*Information shown*:
——————

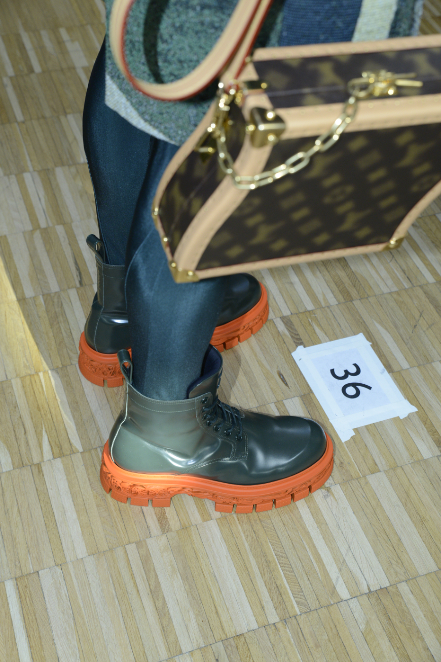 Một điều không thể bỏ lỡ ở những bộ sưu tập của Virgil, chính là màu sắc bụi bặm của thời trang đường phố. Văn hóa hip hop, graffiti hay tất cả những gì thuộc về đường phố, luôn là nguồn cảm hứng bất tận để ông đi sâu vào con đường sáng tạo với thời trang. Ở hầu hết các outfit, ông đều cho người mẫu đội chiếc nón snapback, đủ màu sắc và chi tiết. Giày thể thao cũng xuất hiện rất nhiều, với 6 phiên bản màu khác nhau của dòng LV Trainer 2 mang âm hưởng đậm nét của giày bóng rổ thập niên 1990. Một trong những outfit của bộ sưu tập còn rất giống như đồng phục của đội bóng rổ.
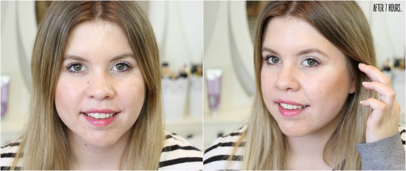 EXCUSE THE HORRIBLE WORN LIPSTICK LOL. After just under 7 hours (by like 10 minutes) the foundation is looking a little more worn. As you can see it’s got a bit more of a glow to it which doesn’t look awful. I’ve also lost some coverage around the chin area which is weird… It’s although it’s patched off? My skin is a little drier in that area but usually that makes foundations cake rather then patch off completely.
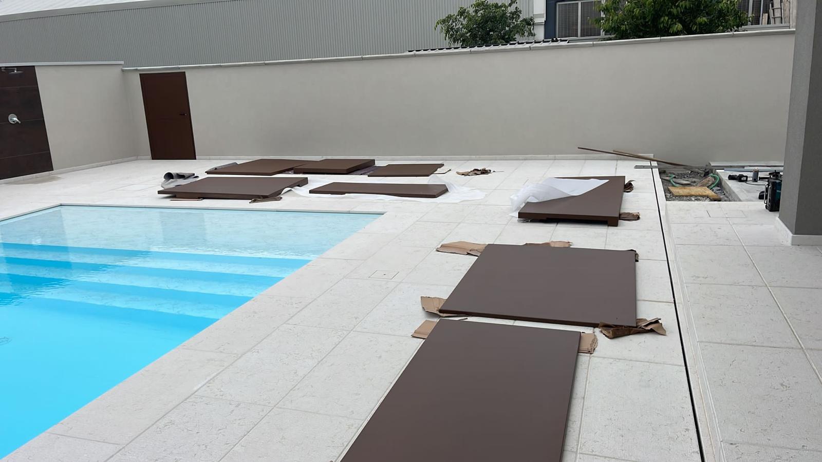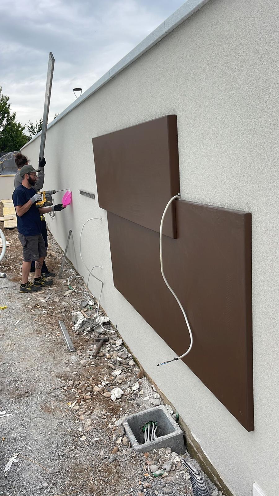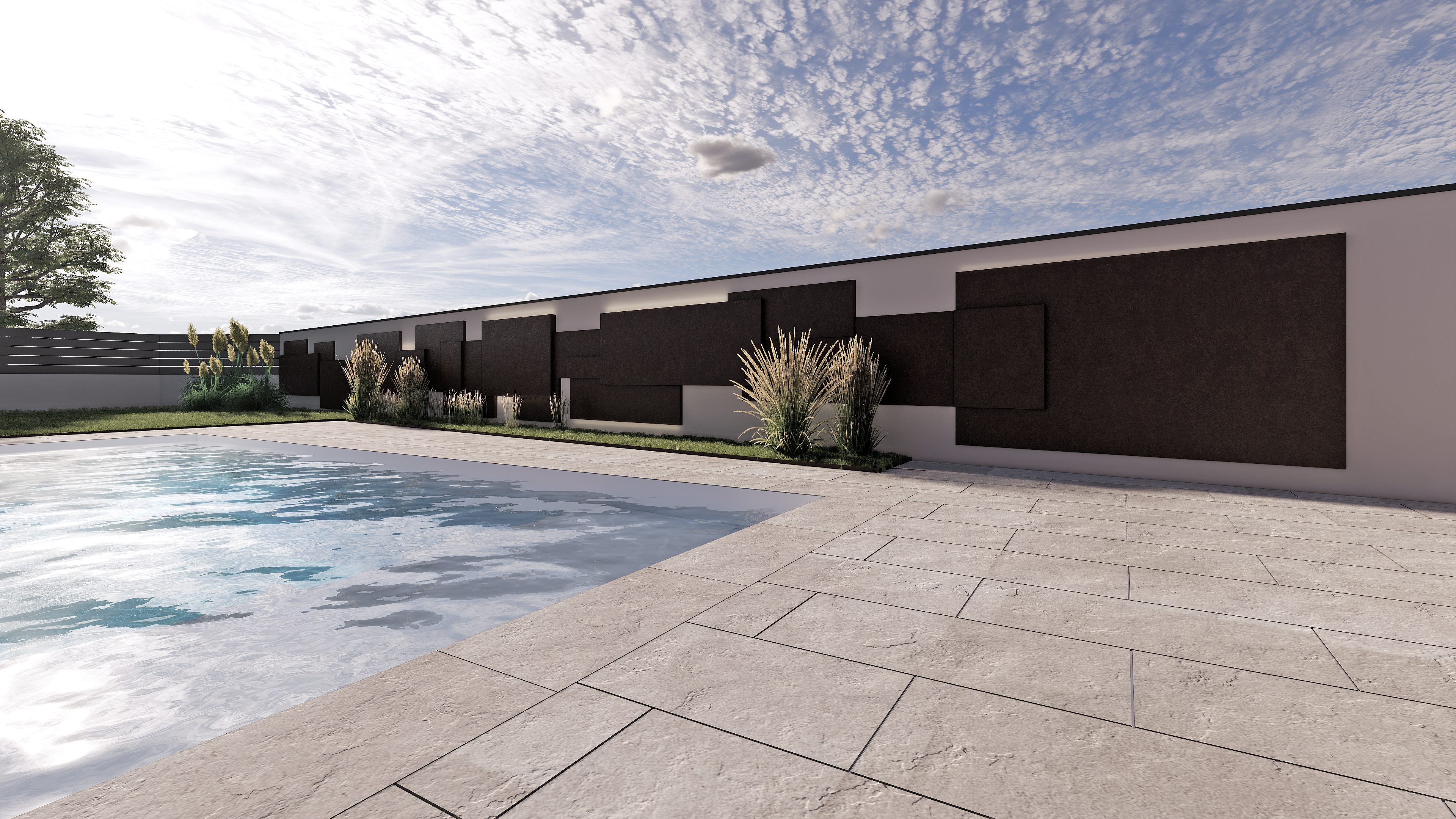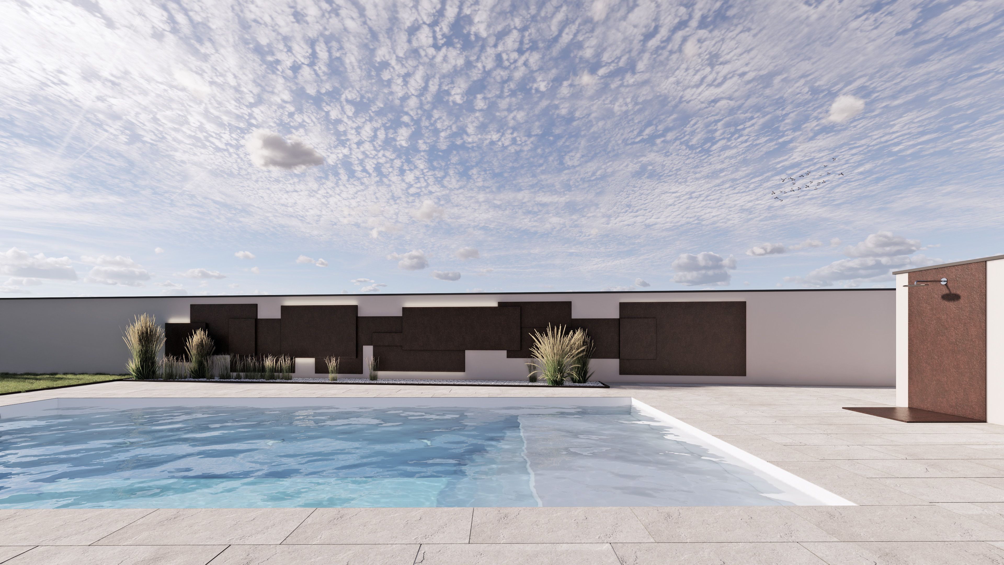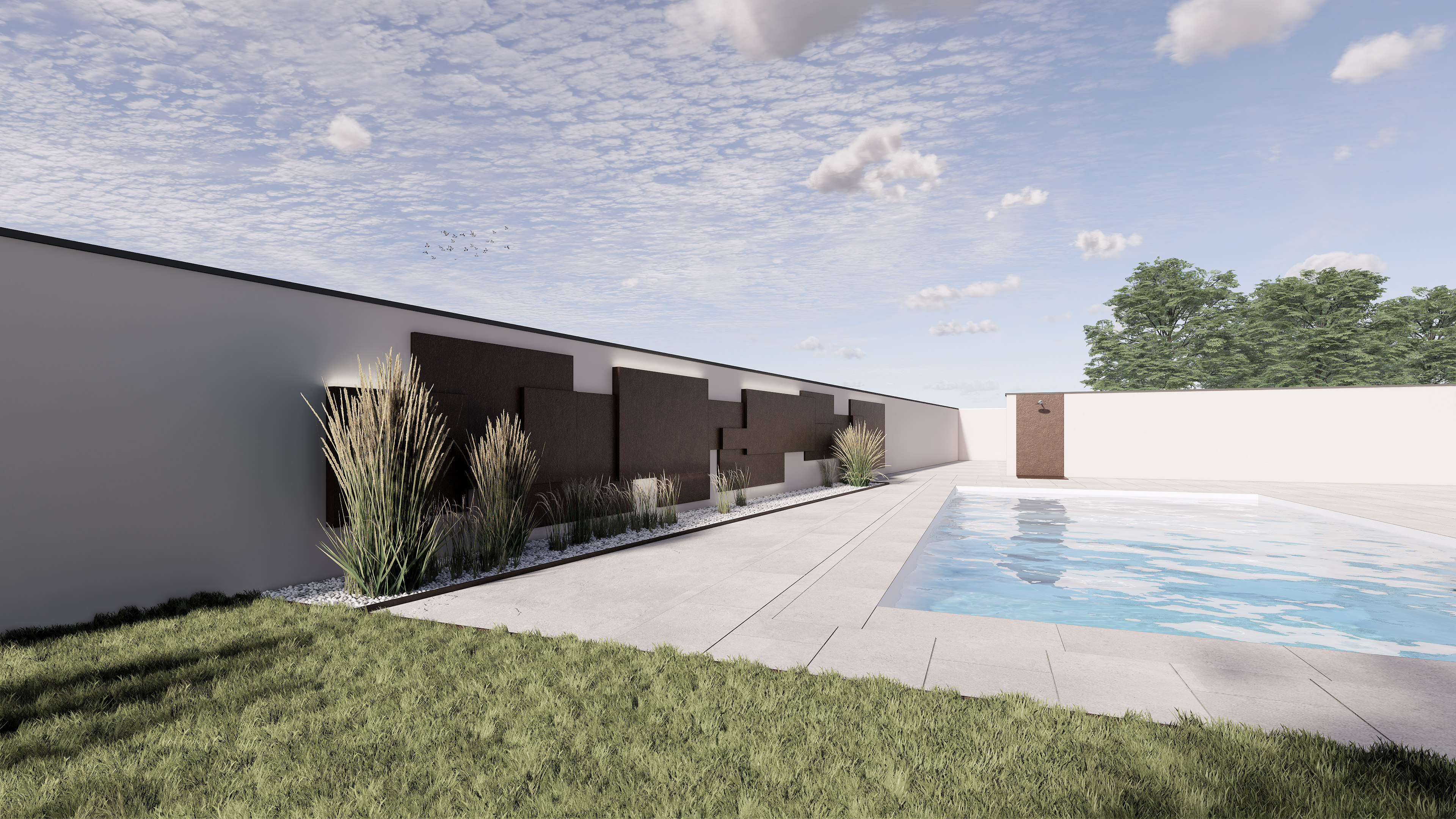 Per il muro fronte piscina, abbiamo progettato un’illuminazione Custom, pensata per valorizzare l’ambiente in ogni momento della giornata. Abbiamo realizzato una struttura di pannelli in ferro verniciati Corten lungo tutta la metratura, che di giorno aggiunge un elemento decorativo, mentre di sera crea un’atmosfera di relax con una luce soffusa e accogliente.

——————

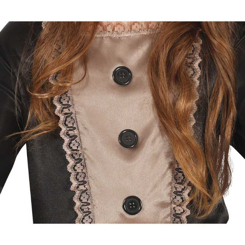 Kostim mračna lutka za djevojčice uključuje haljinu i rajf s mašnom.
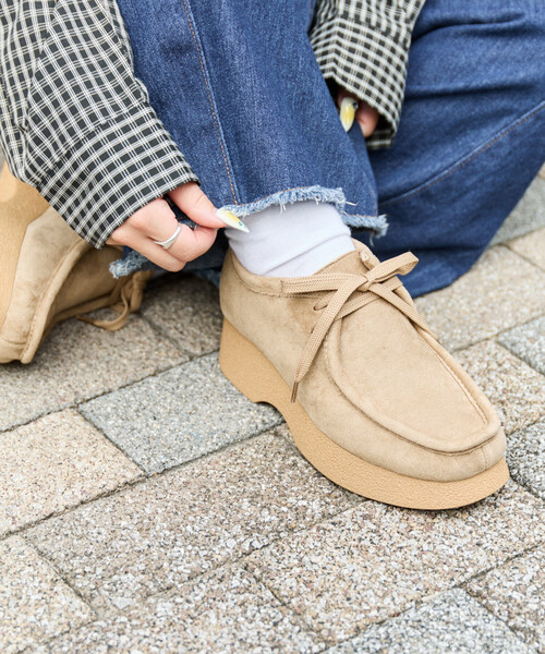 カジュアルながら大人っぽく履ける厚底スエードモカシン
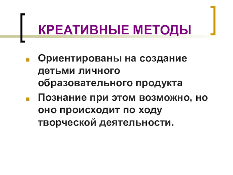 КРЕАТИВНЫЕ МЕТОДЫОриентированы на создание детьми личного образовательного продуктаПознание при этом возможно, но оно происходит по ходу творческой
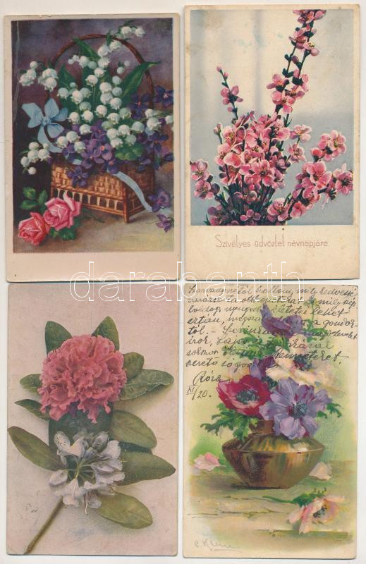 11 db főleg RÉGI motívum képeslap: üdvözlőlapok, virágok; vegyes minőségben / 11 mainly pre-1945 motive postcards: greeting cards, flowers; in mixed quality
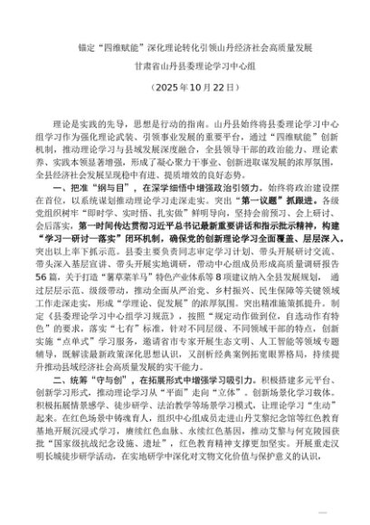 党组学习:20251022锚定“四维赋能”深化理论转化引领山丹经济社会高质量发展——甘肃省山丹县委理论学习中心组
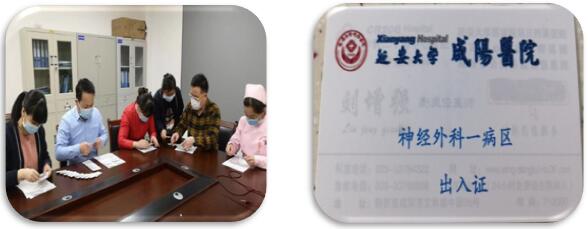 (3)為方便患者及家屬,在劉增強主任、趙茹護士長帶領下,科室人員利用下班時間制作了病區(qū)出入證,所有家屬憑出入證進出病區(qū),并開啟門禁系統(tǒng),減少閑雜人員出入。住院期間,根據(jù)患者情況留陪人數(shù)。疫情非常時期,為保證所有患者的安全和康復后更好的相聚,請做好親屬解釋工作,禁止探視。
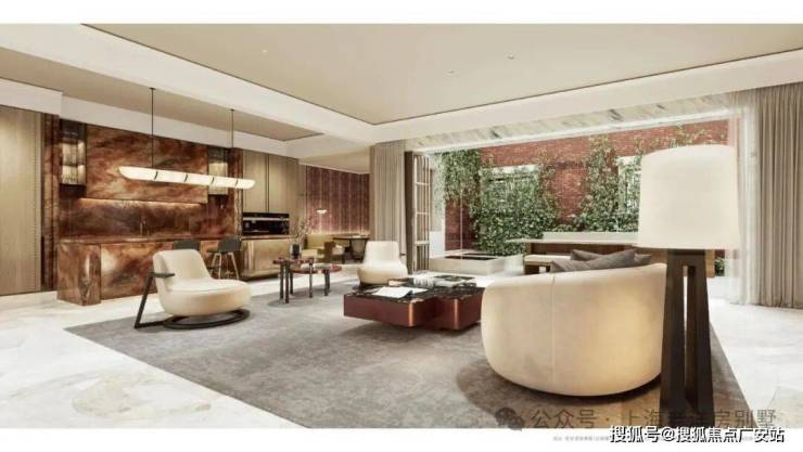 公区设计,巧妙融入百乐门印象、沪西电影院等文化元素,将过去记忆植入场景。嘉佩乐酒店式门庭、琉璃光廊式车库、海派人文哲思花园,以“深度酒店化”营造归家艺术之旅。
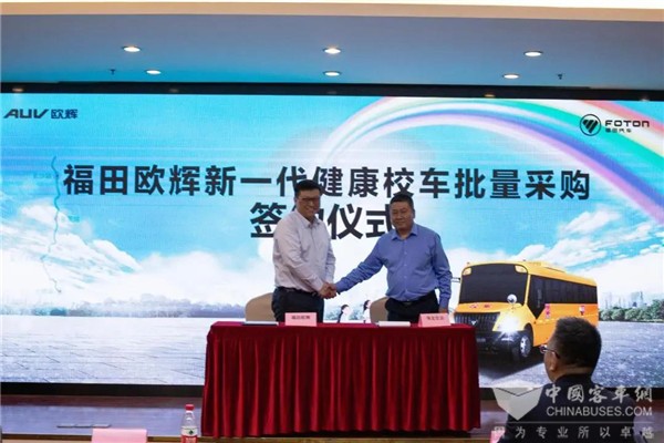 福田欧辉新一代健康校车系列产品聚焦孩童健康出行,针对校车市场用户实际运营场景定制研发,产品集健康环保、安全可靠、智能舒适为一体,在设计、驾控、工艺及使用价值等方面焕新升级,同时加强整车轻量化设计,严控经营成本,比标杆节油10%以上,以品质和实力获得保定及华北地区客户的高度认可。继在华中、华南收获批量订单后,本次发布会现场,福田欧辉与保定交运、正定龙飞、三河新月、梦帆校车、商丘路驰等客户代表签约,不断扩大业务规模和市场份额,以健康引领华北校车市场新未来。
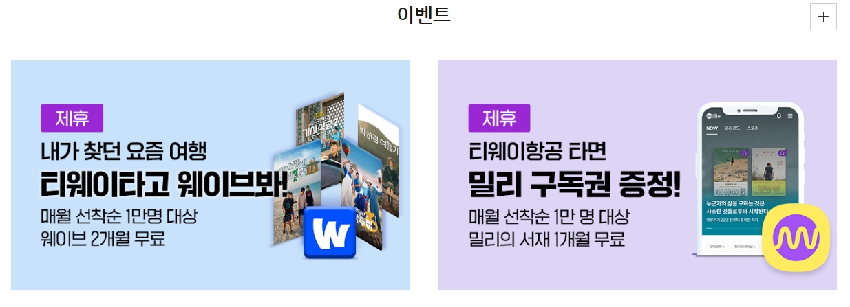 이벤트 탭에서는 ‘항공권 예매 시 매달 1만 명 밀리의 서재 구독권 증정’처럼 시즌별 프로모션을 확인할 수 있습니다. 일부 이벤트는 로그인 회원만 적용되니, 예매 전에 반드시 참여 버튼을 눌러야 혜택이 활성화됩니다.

——————

*What needs to be done*:
Reproduce, word for word, only the lines in the records above from the line with "КРЕАТИВНЫЕ МЕТОДЫОриентированы на" through the line with "福田欧辉新一代健康校车系列产", including both ends; omit the pictures.

*Reply*:
 КРЕАТИВНЫЕ МЕТОДЫОриентированы на создание детьми личного образовательного продуктаПознание при этом возможно, но оно происходит по ходу творческой
 11 db főleg RÉGI motívum képeslap: üdvözlőlapok, virágok; vegyes minőségben / 11 mainly pre-1945 motive postcards: greeting cards, flowers; in mixed quality
 党组学习:20251022锚定“四维赋能”深化理论转化引领山丹经济社会高质量发展——甘肃省山丹县委理论学习中心组
 (3)為方便患者及家屬,在劉增強主任、趙茹護士長帶領下,科室人員利用下班時間制作了病區(qū)出入證,所有家屬憑出入證進出病區(qū),并開啟門禁系統(tǒng),減少閑雜人員出入。住院期間,根據(jù)患者情況留陪人數(shù)。疫情非常時期,為保證所有患者的安全和康復后更好的相聚,請做好親屬解釋工作,禁止探視。
 公区设计,巧妙融入百乐门印象、沪西电影院等文化元素,将过去记忆植入场景。嘉佩乐酒店式门庭、琉璃光廊式车库、海派人文哲思花园,以“深度酒店化”营造归家艺术之旅。
 福田欧辉新一代健康校车系列产品聚焦孩童健康出行,针对校车市场用户实际运营场景定制研发,产品集健康环保、安全可靠、智能舒适为一体,在设计、驾控、工艺及使用价值等方面焕新升级,同时加强整车轻量化设计,严控经营成本,比标杆节油10%以上,以品质和实力获得保定及华北地区客户的高度认可。继在华中、华南收获批量订单后,本次发布会现场,福田欧辉与保定交运、正定龙飞、三河新月、梦帆校车、商丘路驰等客户代表签约,不断扩大业务规模和市场份额,以健康引领华北校车市场新未来。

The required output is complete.